Paylaş
Büyük bir dram.
Kara kutunun tam anlamıyla çözümüne kadar da tartışmalar ve spekülasyonlar sürecek.
Ama bir gerçeğin altını çizmekte yarar var: Havayolu hálá en güvenilir ulaşım şekli.
Sadece kazalardaki yankısı büyük.
Önümüz bayram; anımsatması bile hoş değil; ama bayramlarda kan gölüne dönen yolları düşünün bir!
Her neyse...
Gözler özel havayollarında.
Onların da bu kazadan ders çıkaracakları yönler çok elbette!
Ama... Olayın bir de çağdaşlık ve gerekli altyapı boyutu var.
Yani... Bazı özel cihazlar.
Kazaların büyük bölümünün iniş ve kalkışlarda meydana geldiği göz önüne alındığında da ’olmazsa olmazlar’.
Bunların en başında geleni de ILS.
Otomatik güvenli iniş sistemi...
Pilotların önemli bir yardımcısı. Güvenliğin sigortası...
Bazı pilotaj hatalarının en aza indirgenmesi.
O yüzden de maliyeti ne olursa olsun, ’insan yaşamı hiçbir şeyle ölçülemez’ mantığı ile çağdaş ülkelerde temel altyapı unsurlarından biri.
Biz de ’bakkal dükkanı’ gibi havaalanı açılır da, altyapıyı kimse düşünmez.
Ta ki bir kazaya kadar.
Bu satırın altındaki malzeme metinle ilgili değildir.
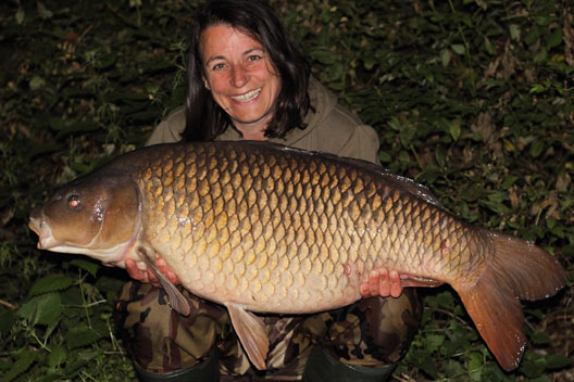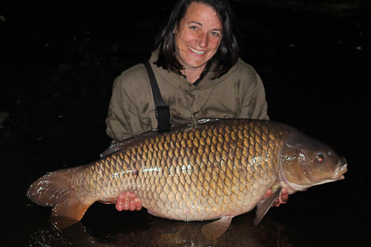 The fight was slow and steady with the fish staying deep. The fish took a bit of line on solid runs that I wasn’t going to even try and stop, even if I could. I gained a bit of ground before it took off again. As the fight drew nearer to the bank, I lowered my other two rods to get them out of the way and after one final burst I slid the net under the fish before taking a look inside. There laid a good sized common, quite a long fish which I guessed to be around the mid to upper thirty mark. While the fish was safely resting in the net, I got the mat out, wet the sling and zeroed the scales. After filling a bucket with water and getting everything ready, I got my waders on to get the fish out of the water. I rolled the net down, checked the pecks were flat and started to lift the fish out. It was heavy, much heavier than I had expected! I placed it on the mat and took the hook out before putting it in the sling. I lifted it onto the scales which were on the weighing station behind me and the needle swung around to bounce between 45 and 46. I was so surprised I looked down to check I wasn’t standing on the cord. I lifted it off the scales and put it back on. Again, the needle swung round to the same place. It settled on 45lb 7oz and now I had the dilemma of what fish it was. There were only a few fish it could be and one of which I’d had before, so I put the fish back on the mat and took another look. I checked for any distinguishing marks and realised I had one of the big commons known as One Barb, a fish I had not had before. I quickly zipped up the retainer and placed him back in the water before sitting down for a second to calm myself down. Buzzing wasn’t the word, I was absolutely ecstatic!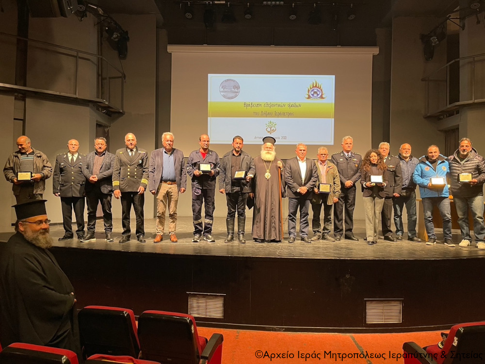 Σε μια ξεχωριστή τελετή, που πραγματοποιήθηκε το απόγευμα του Σαββάτου στη Δημοτική αίθουσα «Μελίνα Μερκούρη», ο Δήμος Ιεράπετρας σε συνεργασία με την Πυροσβεστική Υπηρεσία Ιεράπετρας βράβευσαν τις Εθελοντικές Ομάδες που δραστηριοποιούνται στον Δήμο και συνέβαλαν στην αντιπυρική προστασία του έτους 2022.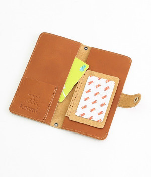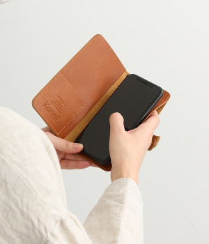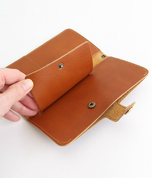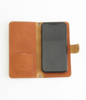 持ちやすく、撮りやすく、スマホスタンドにもなる牛革のハンディスマホケースLサイズです。手帳の部分をパタンと折り畳むことでサッと構えて、瞬時に写真を撮ることができるケースに仕立てました。いつもはスナップボタンでスマホ取り付け部分と手帳がくっついているから、必要なときだけ。免許証やICカードなど常に持っていたいものが入れられたり、ちょっとしたカードや駐車券がしまっておけるスペースがあるのも嬉しいポイントです。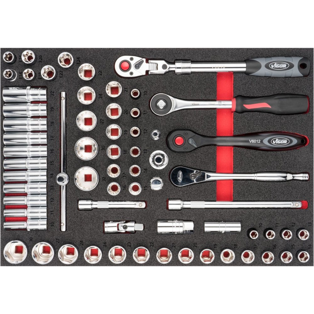 Pěnová vložka o rozměrech (š x h x v) 563 x 393 x 35 mm obsahuje celkem 65 ks profesionálních nástrčných klíčů a gola sady 1/2".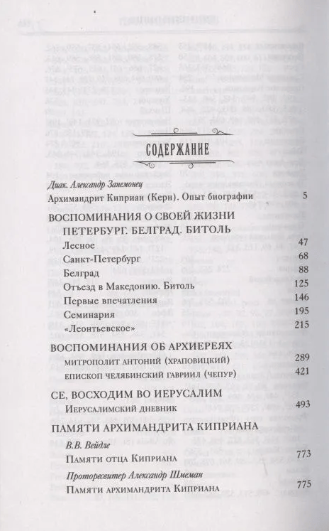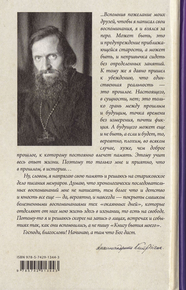 Архимандрит Киприан (Керн; 1899–1960) — одна из ярких и загадочных фигур русского церковного зарубежья. Профессор Сергиевского богословского института, духовный отец многих деятелей русской эмиграции, яркий преподаватель и автор работ по литургике и богословию (среди них — фундаментальное исследование о святителе Григории Паламе), — современникам о. Киприан запомнился прежде всего глубоко православным человеком, монахом по духовному призванию, талантливым и ярко мыслящим исследователем, открытым европейской культуре. Вся взрослая жизнь о. Киприана прошла в в эмиграции: он оказался в Сербии двадцатилетним, стал свидетелем и участником событий, связанных с образованием РПЦЗ, был знаком, дружил и поддерживал отношения со многими представителями русского и европейского церковного мира. Ценность воспоминаний о. Киприана неоспорима. Пока не известно, в каком именно объеме они существуют: русскому читателю могут быть знакомы его записки об архиереях — Антонии (Храповицком) и Гаврииле (Чепуре) — они издавались в 2002 г. В 2013 г. в Иерусалиме вышел его «Иерусалимский дневник». Воспоминания о детстве, начале жизни в Сербии, преподавании в семинарии в Бито-ле, о коллегах и друзьях тех лет были найдены недавно, публикуются впервые и представляют несомненную историческую ценность.
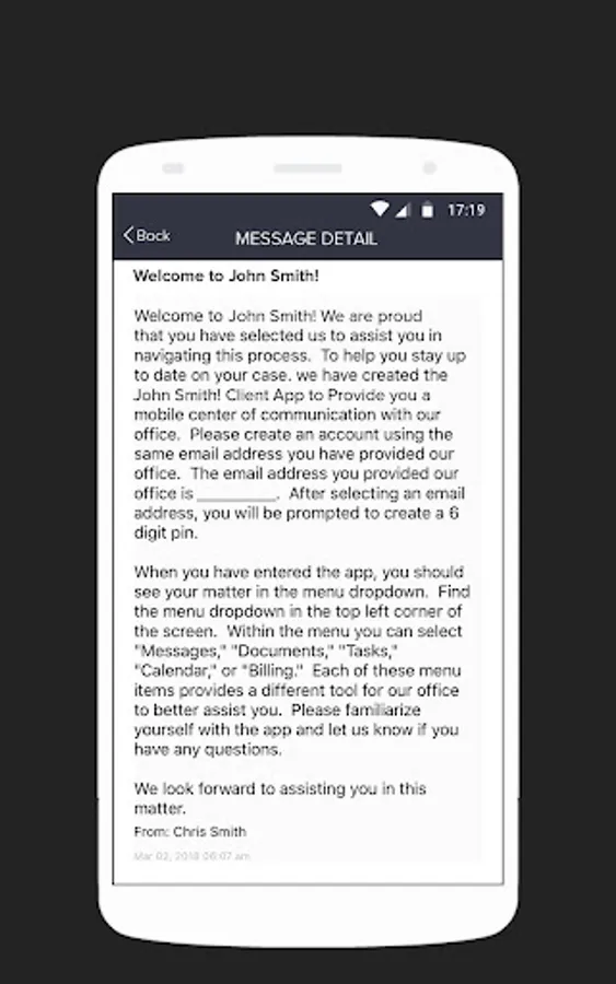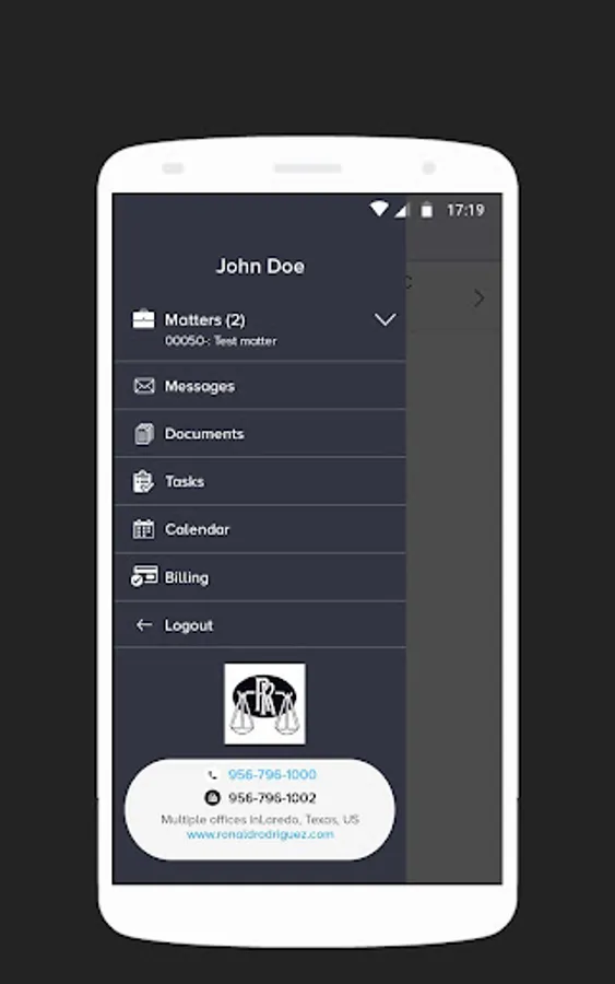 Ronald Rodriguez is for clients of the law firm Ronald Rodriguez. The App is intended to assist clients in communicating with their attorney and staying informed regarding their case. Clients may utilize a message feature to send and receive messages with their attorney, as well as upload and view documents, receive assigned tasks from their attorney, view their case calendar, and stay up to date on their bill. The Ronald Rodriguez is intended to supplement traditional means of communication and insure the clients of Ronald Rodriguez are thoroughly informed.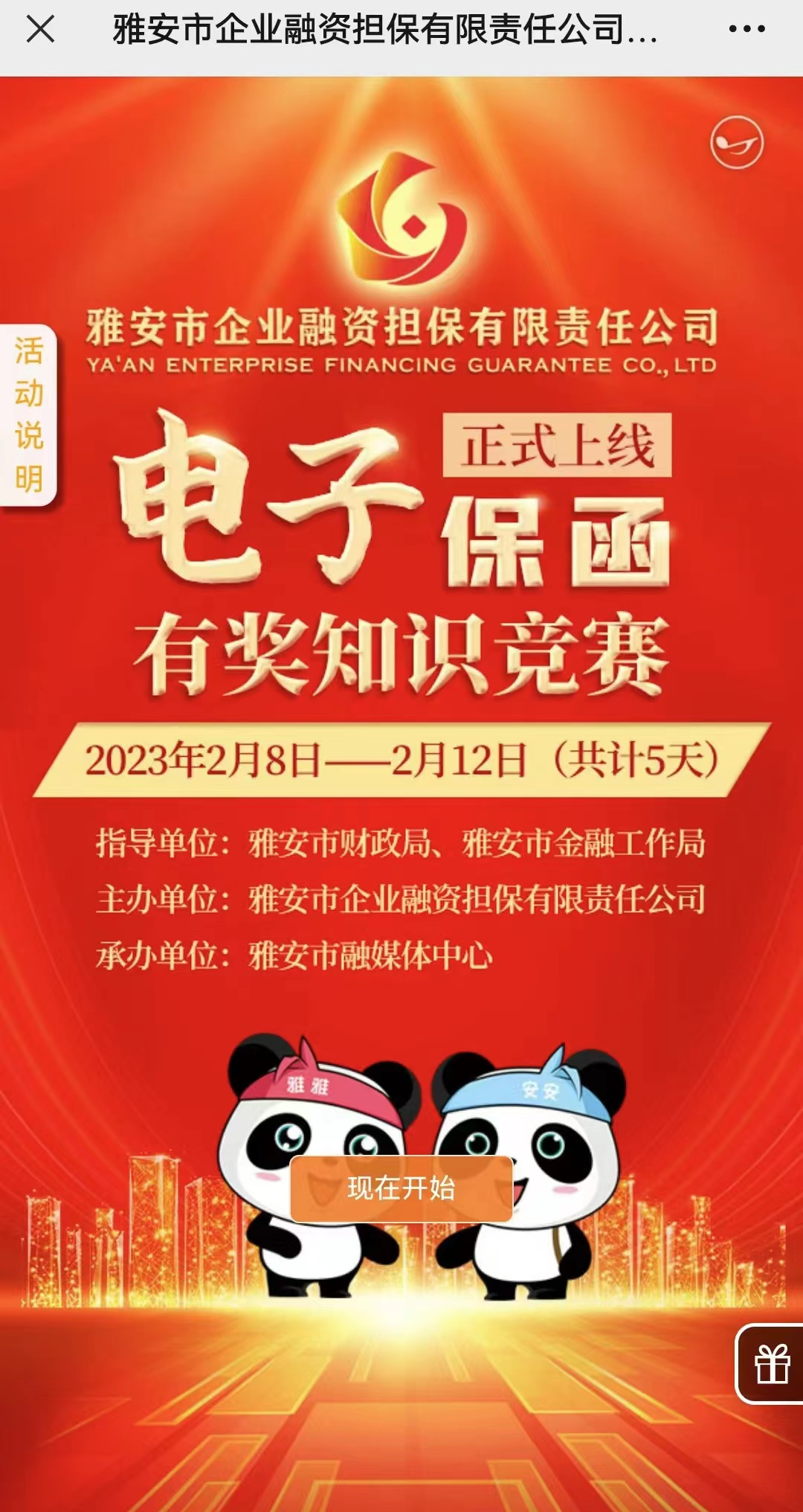 該活動由市財政局和市金融工作局指導(dǎo),雅安市企業(yè)融資擔(dān)保有限責(zé)任公司(以下簡稱“市擔(dān)保公司”)主辦,雅安市融媒體中心承辦。市擔(dān)保公司作為我市唯一一家政府性融資擔(dān)保機(jī)構(gòu),也是雅安公共資源交易中心上線的唯一一家本地全類別保函服務(wù)商。2月6日,市擔(dān)保公司“電子投標(biāo)保函”業(yè)務(wù)在雅安公共資源交易中心正式上線。為讓更多的受眾了解“電子投標(biāo)保函”業(yè)務(wù),市擔(dān)保公司主辦了此次線上有獎知識競賽活動。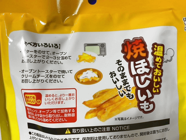 ほしいもはストーブの上に置いて温めたり、トースターでカリッと焼いたりするのが定番?昔ながら?だと思いますが、パッケージ裏にはバターやチーズをのせるアレンジレシピも紹介されていました。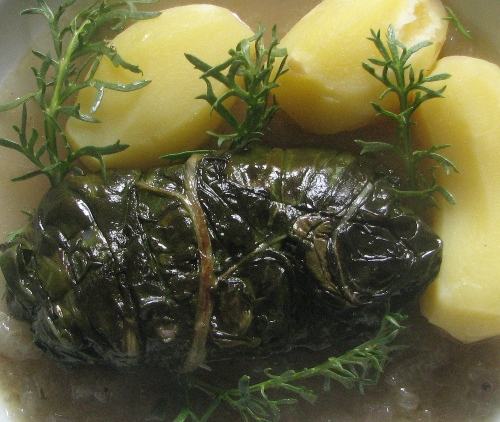 heute gab es gefuellte mangoldwickel. die fuellung bestand aus gekochten und klein geschnittenen mangold-stielen, gehackter zwiebel und schweinehack. garniert wurde mit maca.
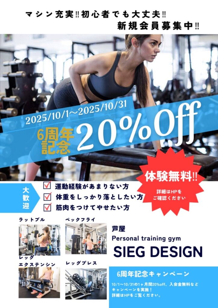 芦屋パーソナルジムSIEGE DESIGN(ジークデザイン)は2019年10月1日にオープンしてから、6周年を迎えることができます。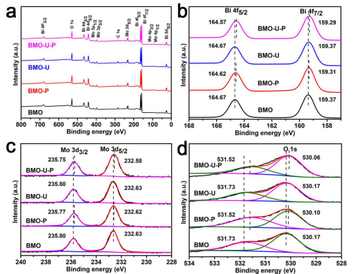 ▲圖三. (a) XPS全譜, (b) Bi 4f, (c) Mo 3d and (d) O 1s的XPS圖。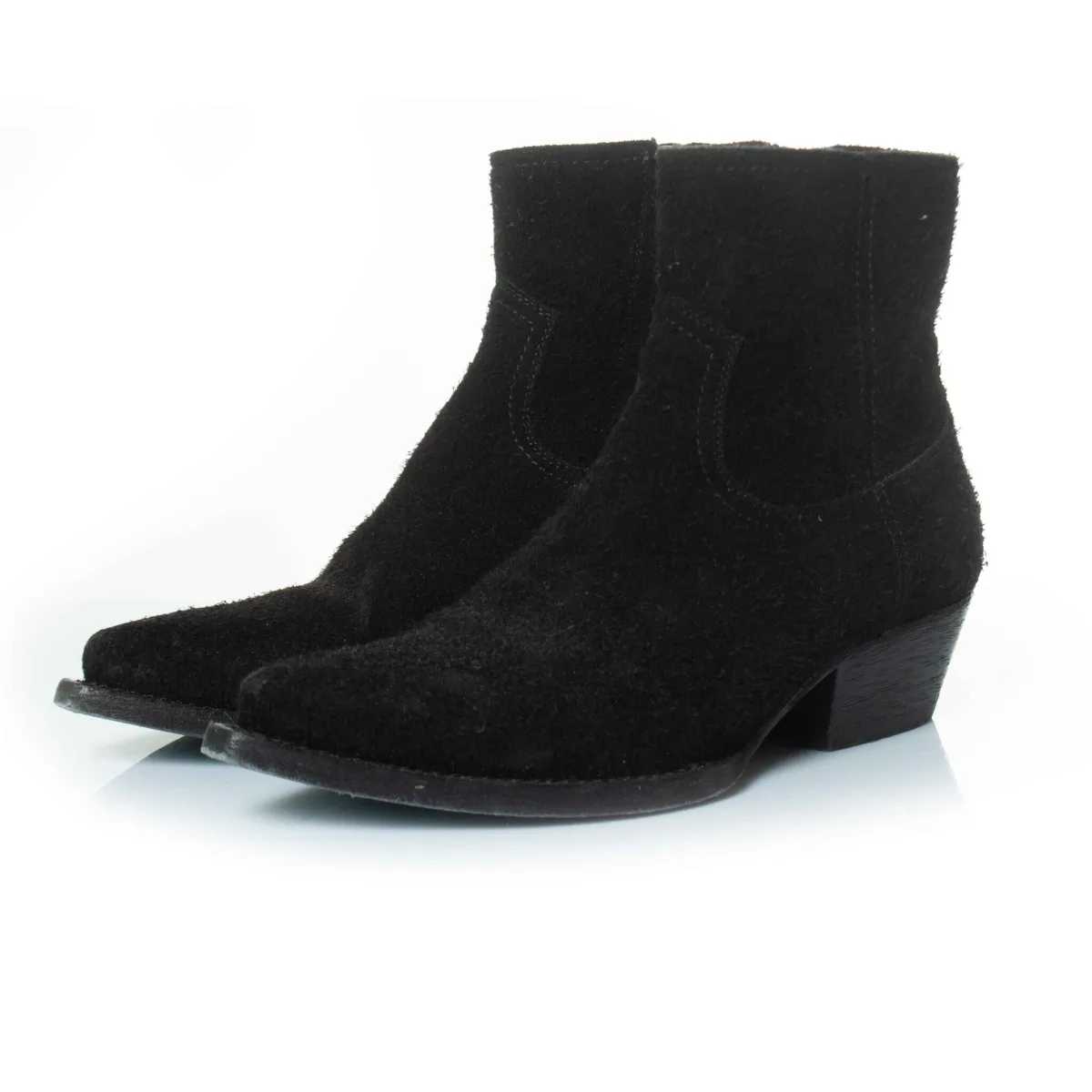 VINTAGE, RRP ALS NIEUW Saint Laurent, Lukas leren suède enkellaarsjes in zwart. Het item is in zeer goede staat en wordt geleverd met een stofzak. CONDITIE: zeer goede staat MAAT: 36 BINNENZOFTIE GEHEEL: 24 cm HIELMAAT: 4 cm PLATFORM: 1 cm SCHOENHOOGTE: 13 cm BREEDTE ENKEL: 10 cm MATERIAAL: wollen suède KLEUR: zwart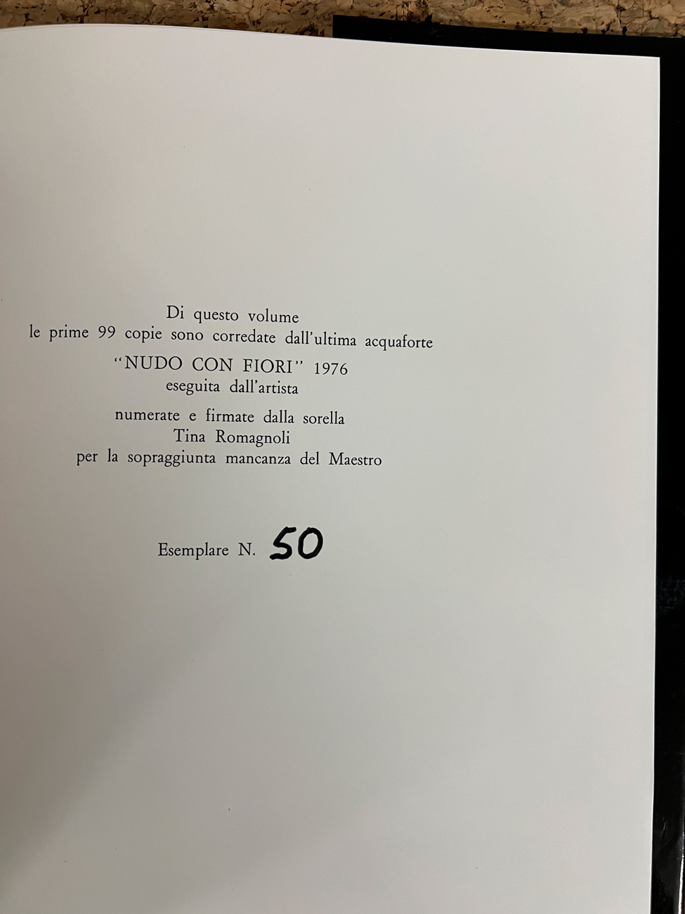 Il presente esemplare è arricchito dalla presenza dell'ultima acquaforte realizzata dall'Artista, intitolata 'Nudo con fiori' e recante firma e numerazione (Esemplare 50/99) a matita al fronte di Tina Romagnoli (in seguito alla sopraggiunta mancanza del Maestro)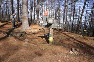 ブナ坂十字路は、七ッ石山からの石尾根の登山道、唐松谷林道(2017年7月現在、崩落のため通行止め)が合流する。これから石尾根の防火帯の広い道が延びている。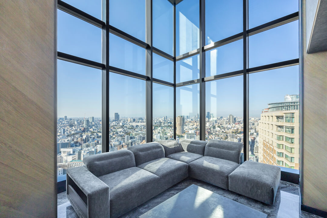 2009年竣工の「シティタワー麻布十番」は、総戸数502戸を誇る大規模タワーレジデンス。24時間有人管理や充実した共用施設が、都心での安心と快適な暮らしを支えます。ご紹介するお部屋は37・38階に位置するメゾネットタイプのプレミアム住戸。150㎡超のゆとりある1LDKで、吹き抜けのリビングにはダイナミックなパノラマウィンドウを採用しています。南西・北西の2面採光と高層階ならではの眺望が、伸びやかな開放感を演出。大理石フロアやビルトイン暖炉、床暖房など上質な設えも魅力です。さらに、プライベートサウナやジャグジー、機能美を備えた衣装部屋など、暮らしの質を高める設備も充実。日常を非日常へと昇華させる特別な住まいです。

Yani illa acı olacak!
Oysa önemlisi; önce sağlam altyapı.
İnsan yaşamına önem. Siyaset, oy hesabı sonra.
Bakın; Türkiye çapında 24 havaalanında hala ILS cihazı yok.
Yani pilotun ’en önemli desteği, kılavuzu’.
Ve ILS sistemi olmayan alanlardan 4’ü de Ege’de.
Balıkesir, Çanakkale, Uşak, Denizli.
Diğerlerini de merak ediyorsunuz; biliyorum:
Diyarbakır, Kayseri, Gaziantep, Van, Adıyaman, Ağrı, Elazığ, Erzincan, K.Maraş, Konya, Malatya, Mardin, Muş, Siirt, Ş.Urfa, Sivas, Isparta, Sinop, Tokat, Zonguldak...
Hava ulaşımı çağdaşlığın göstergesi de...
Tam güvenlik içinde... Yarım yamalak değil.
Balıkesir, Çanakkale, Uşak ve Denizli’den çok sayıda telefon ve mail aldım.
Herkes aydınlanmak istiyor. Bir çekingenlik var.
Özellikle de küçük illerde... O zaman...
Herkes ’havaalanı, havaalanı’ diyor da, işin ciddiyetinin kaç kişi farkında?
Devlet elbette altyapıyı tamamlamalı.
Ama... ’Alan, alan’ diyenler de bu konuda bir kamuoyu oluşturmak zorunda değil mi?
Sorgulamak, irdelemek, tartışmak...
Hatta taşın altına eli sokmak...
En çok da bu! Yani; katkı.
Vilayet, Belediyeler, Ticaret ve Sanayi Odaları bu anlamda kente sahip çıkmalı!
Bu görev Onların da...
Bu bir imece... Bu bir dayanışma...
Şimdi gözler; Ege’nin bu güzel 4 kentinde.
Bakalım kimler laf ve eleştiri üretecek, kimler sorumluluk duyacak.
Alınmaz bir şey değil ki; bu ILS.
Ederi; 500 bin dolar.
Yeter ki; inanalım, bir şeyler yapmak isteyelim.
Kente katkı. Bunun için ön ayak olalım.
El ele verelim.
Uşak, Balıkesir, Denizli ve Çanakkale’de halk bunu bekliyor.
Valiler, Belediye Başkanları, işadamları, ticaret ve sanayi odaları, sivil toplum örgütleri bu konuda çaba göstermeli.
Gerekirse kentteki bu eksikliği tamamlamalı...
Devleti hep eleştiriyoruz da; devlete yardımcı olmayı neden denemiyoruz?
Halk için... Çağdaş devlet olmanın bir gereği de bu dayanışma değil mi?
O zaman...
Hadi! Laf değil, iş üretme zamanı...
Yeni acılar yaşanmasın diye...
Acı tepemize çöktükten sonra dövünmek neye yarar ki!